PROMPT → From the records below, output exactly the lines starting at the line with "5월 마지막 날인 31일" and ending at the line with "Tranquil Moonlight Bay", both of them included, but no pictures.

ENTRIES SUPPLIED →
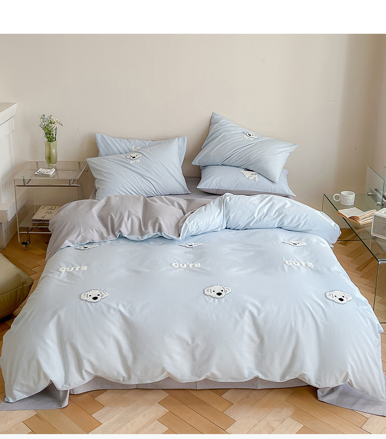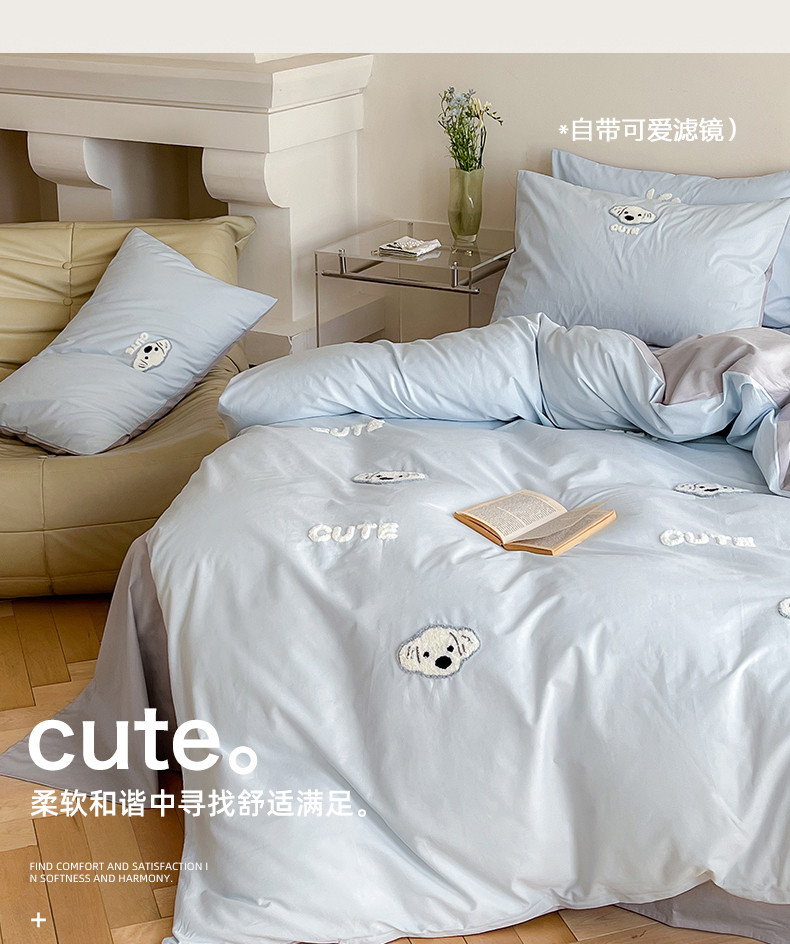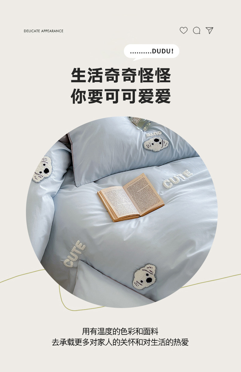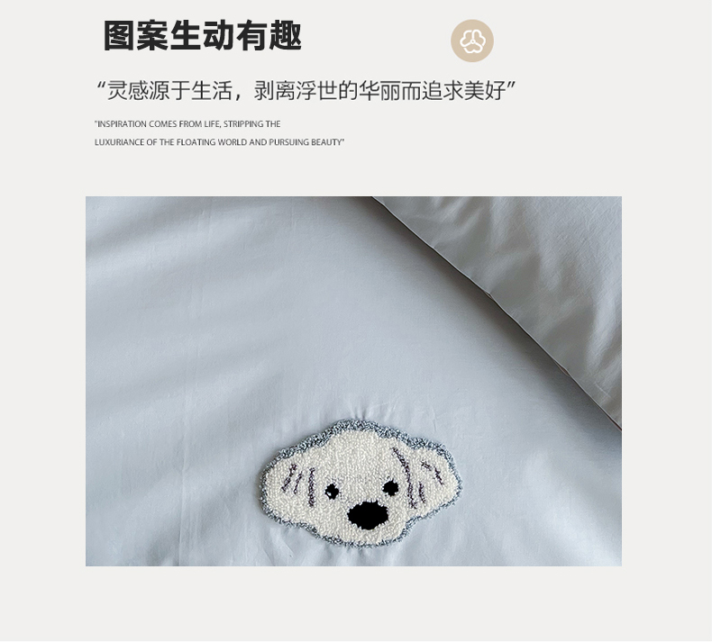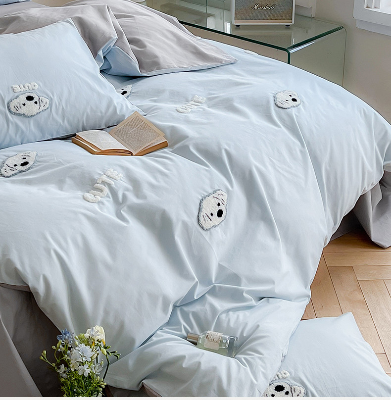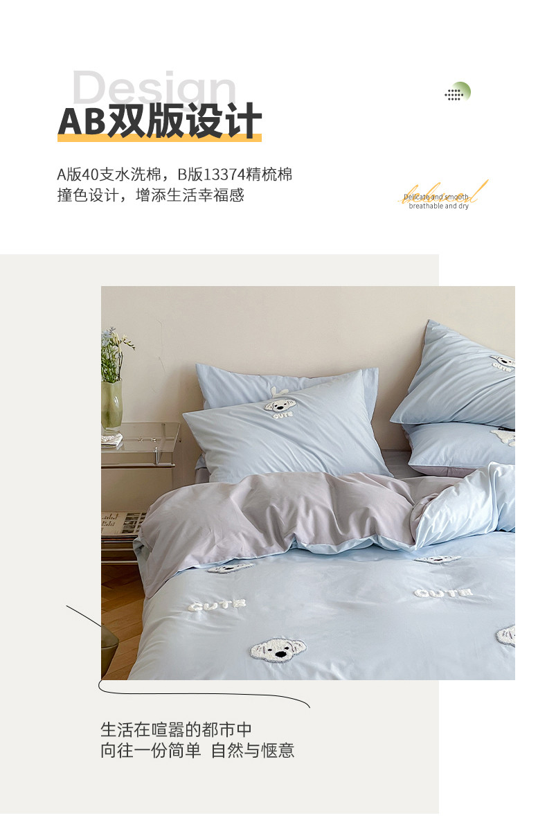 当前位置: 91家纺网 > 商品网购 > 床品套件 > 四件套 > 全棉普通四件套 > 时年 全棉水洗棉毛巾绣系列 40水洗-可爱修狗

---

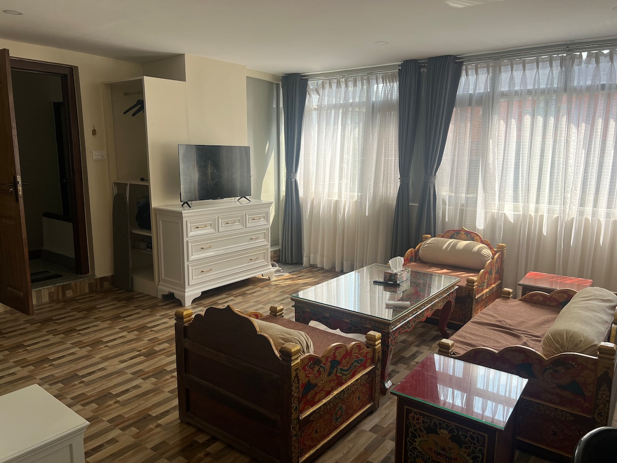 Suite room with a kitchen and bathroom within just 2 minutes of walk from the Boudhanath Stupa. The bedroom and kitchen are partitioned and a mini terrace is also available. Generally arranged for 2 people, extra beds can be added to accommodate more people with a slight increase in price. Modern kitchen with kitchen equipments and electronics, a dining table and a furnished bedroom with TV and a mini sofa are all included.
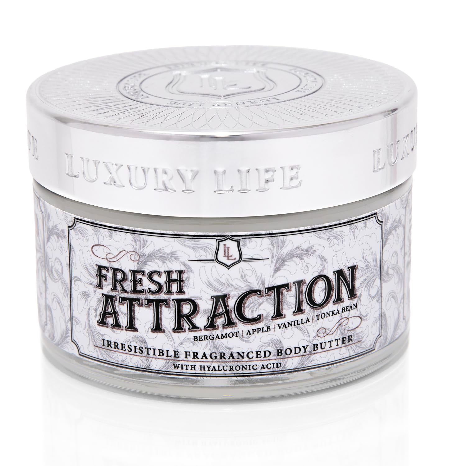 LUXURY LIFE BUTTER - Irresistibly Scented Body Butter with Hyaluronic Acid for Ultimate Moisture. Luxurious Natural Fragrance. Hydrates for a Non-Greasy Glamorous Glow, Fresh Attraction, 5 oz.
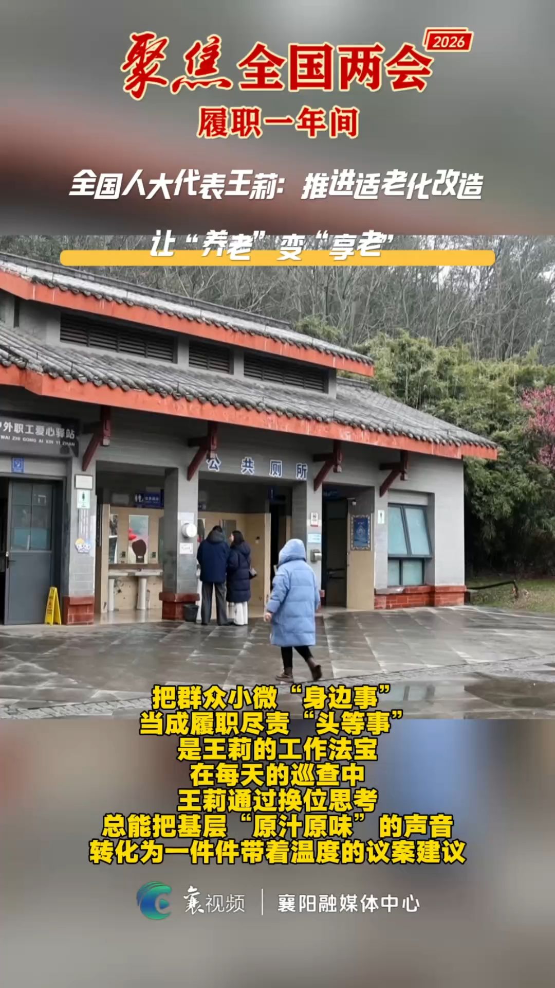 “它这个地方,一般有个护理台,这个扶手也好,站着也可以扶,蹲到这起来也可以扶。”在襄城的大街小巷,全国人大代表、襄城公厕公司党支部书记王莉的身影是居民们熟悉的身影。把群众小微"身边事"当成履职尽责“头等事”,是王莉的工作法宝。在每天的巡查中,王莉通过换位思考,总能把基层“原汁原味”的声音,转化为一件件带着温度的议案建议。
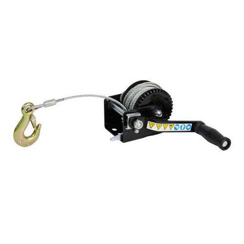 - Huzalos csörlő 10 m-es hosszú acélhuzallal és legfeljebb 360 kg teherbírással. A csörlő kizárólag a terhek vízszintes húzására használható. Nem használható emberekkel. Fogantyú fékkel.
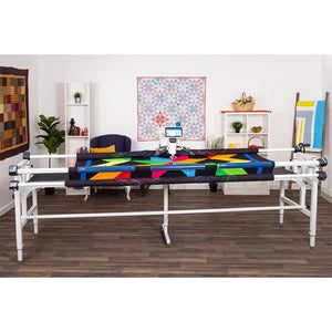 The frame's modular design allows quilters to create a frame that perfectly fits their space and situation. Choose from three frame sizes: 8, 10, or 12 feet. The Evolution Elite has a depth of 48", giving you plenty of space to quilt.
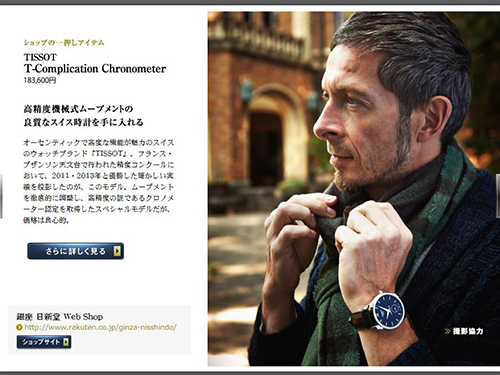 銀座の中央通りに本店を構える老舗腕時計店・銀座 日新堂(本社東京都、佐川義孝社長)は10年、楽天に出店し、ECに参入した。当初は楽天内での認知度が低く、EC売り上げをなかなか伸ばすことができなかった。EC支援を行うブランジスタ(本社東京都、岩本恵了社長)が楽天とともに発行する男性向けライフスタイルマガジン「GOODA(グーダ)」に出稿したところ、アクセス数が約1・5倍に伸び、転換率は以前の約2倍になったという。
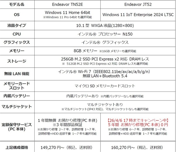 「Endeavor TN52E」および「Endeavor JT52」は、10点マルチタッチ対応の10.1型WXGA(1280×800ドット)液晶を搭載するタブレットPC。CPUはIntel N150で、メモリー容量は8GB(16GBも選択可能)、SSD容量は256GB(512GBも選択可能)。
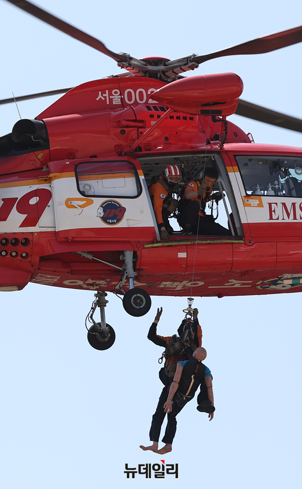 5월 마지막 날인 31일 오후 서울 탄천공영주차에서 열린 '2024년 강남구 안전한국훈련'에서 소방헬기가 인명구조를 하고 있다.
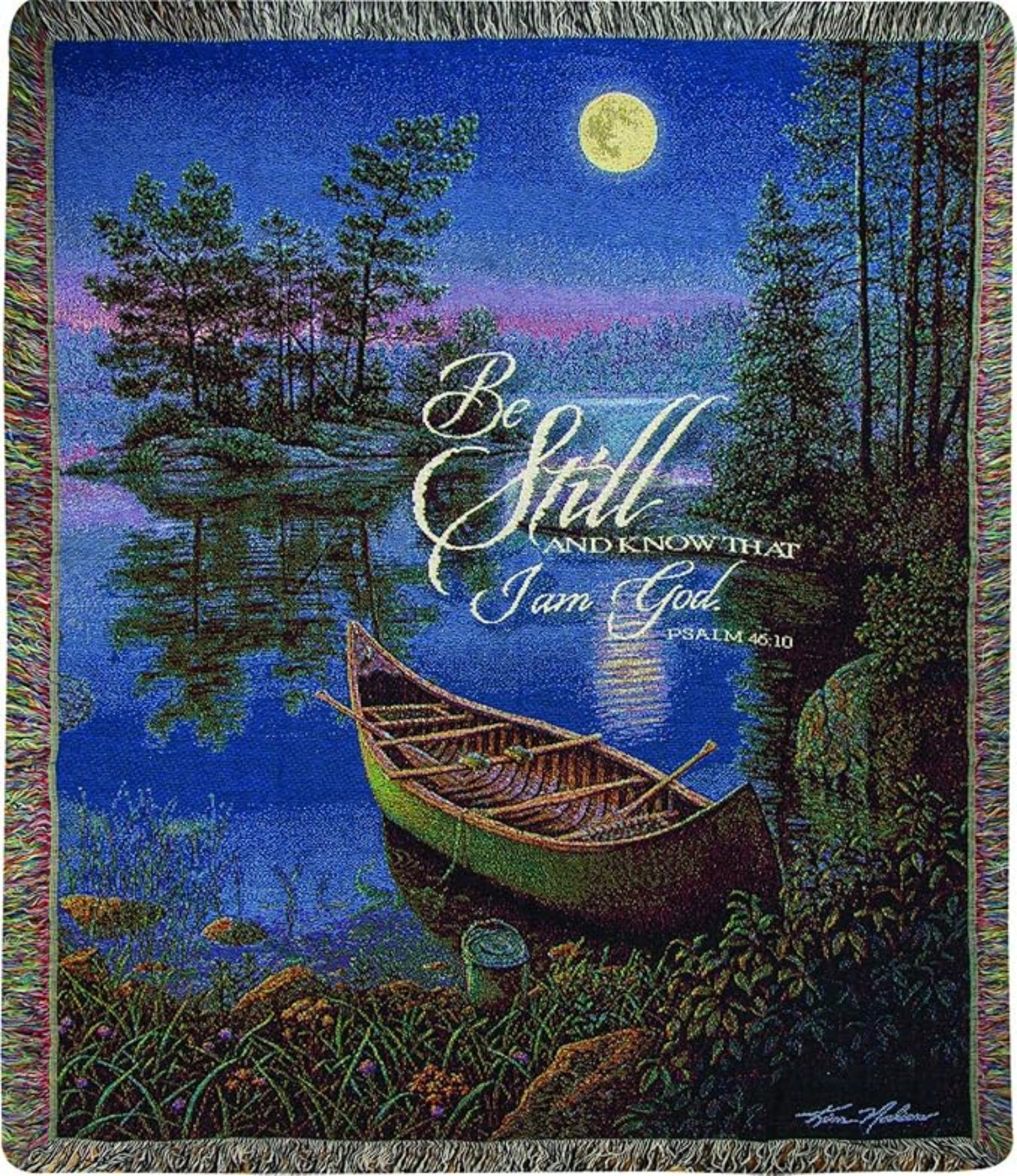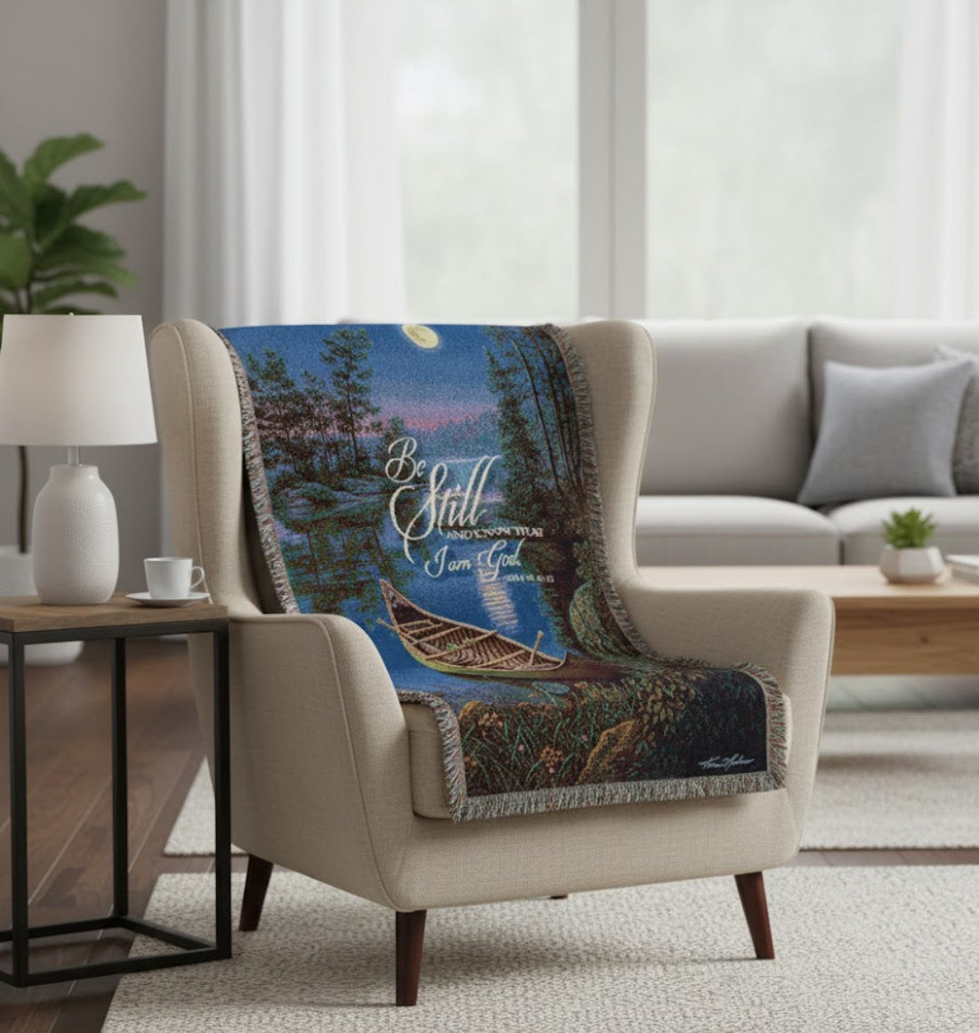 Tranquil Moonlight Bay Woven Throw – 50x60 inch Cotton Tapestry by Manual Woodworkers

ANSWER TO THIS TASK →
 5월 마지막 날인 31일 오후 서울 탄천공영주차에서 열린 '2024년 강남구 안전한국훈련'에서 소방헬기가 인명구조를 하고 있다.
 Tranquil Moonlight Bay Woven Throw – 50x60 inch Cotton Tapestry by Manual Woodworkers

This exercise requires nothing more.